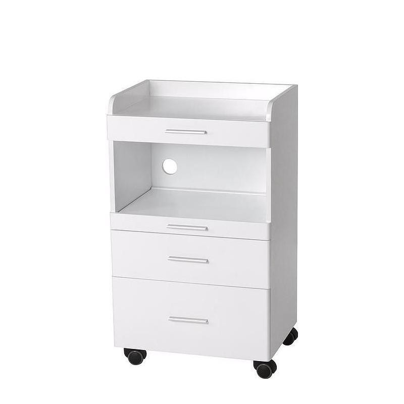 Klasyczny pomocnik kosmetyczny z miejscem na sprzęt zabiegowy i dwiema szufladkami. Elegancki design, wykonany z drewna lakierowanego na biało. Wyposażona w 3 szuflady i centralną
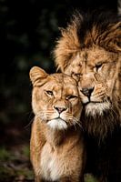 Liefde tussen twee leeuwen. Ik vind de mannelijke leeuw sowieso imponerend met zijn manen en die indringende ogen, maar zo samen met deze vrouwelijke leeuw is hij weer heel vertederend, ze hebben iets speciaals wat je gewoon op de foto wil hebben.
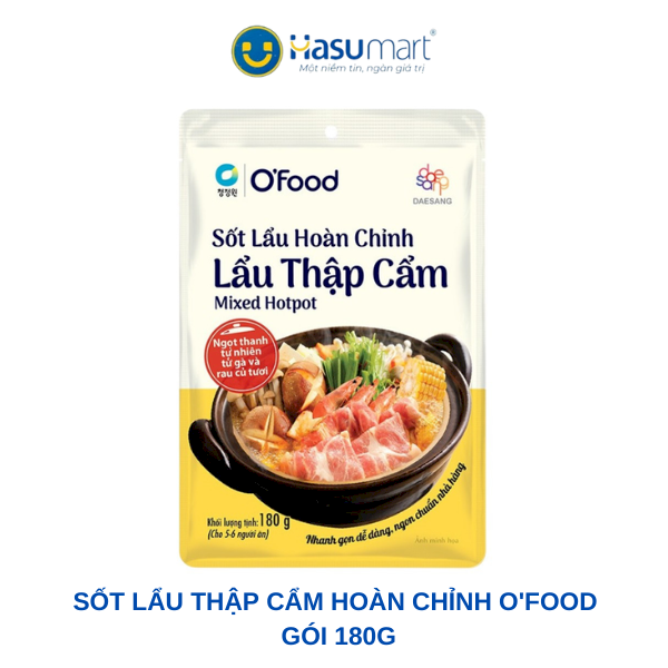 Sốt lẩu thập cẩm hoàn chỉnh O'Food gói 180g được làm từ sự hòa quyện và phối trộn giữa nhiều nguyên liệu và gia vị như hành tây, sả, cà chua, gừng, nước mắm, đường, chiết xuất bắp, nấm hương, tiêu,...tổng thể tạo nên nước cốt đậm đặc, mang đến hương vị mặn ngọt tự nhiên.

■ Assignment: Here the job is to print all the data exactly, skipping any image.

■ Output for this exercise:
 Klasyczny pomocnik kosmetyczny z miejscem na sprzęt zabiegowy i dwiema szufladkami. Elegancki design, wykonany z drewna lakierowanego na biało. Wyposażona w 3 szuflady i centralną
 Liefde tussen twee leeuwen. Ik vind de mannelijke leeuw sowieso imponerend met zijn manen en die indringende ogen, maar zo samen met deze vrouwelijke leeuw is hij weer heel vertederend, ze hebben iets speciaals wat je gewoon op de foto wil hebben.
 Sốt lẩu thập cẩm hoàn chỉnh O'Food gói 180g được làm từ sự hòa quyện và phối trộn giữa nhiều nguyên liệu và gia vị như hành tây, sả, cà chua, gừng, nước mắm, đường, chiết xuất bắp, nấm hương, tiêu,...tổng thể tạo nên nước cốt đậm đặc, mang đến hương vị mặn ngọt tự nhiên.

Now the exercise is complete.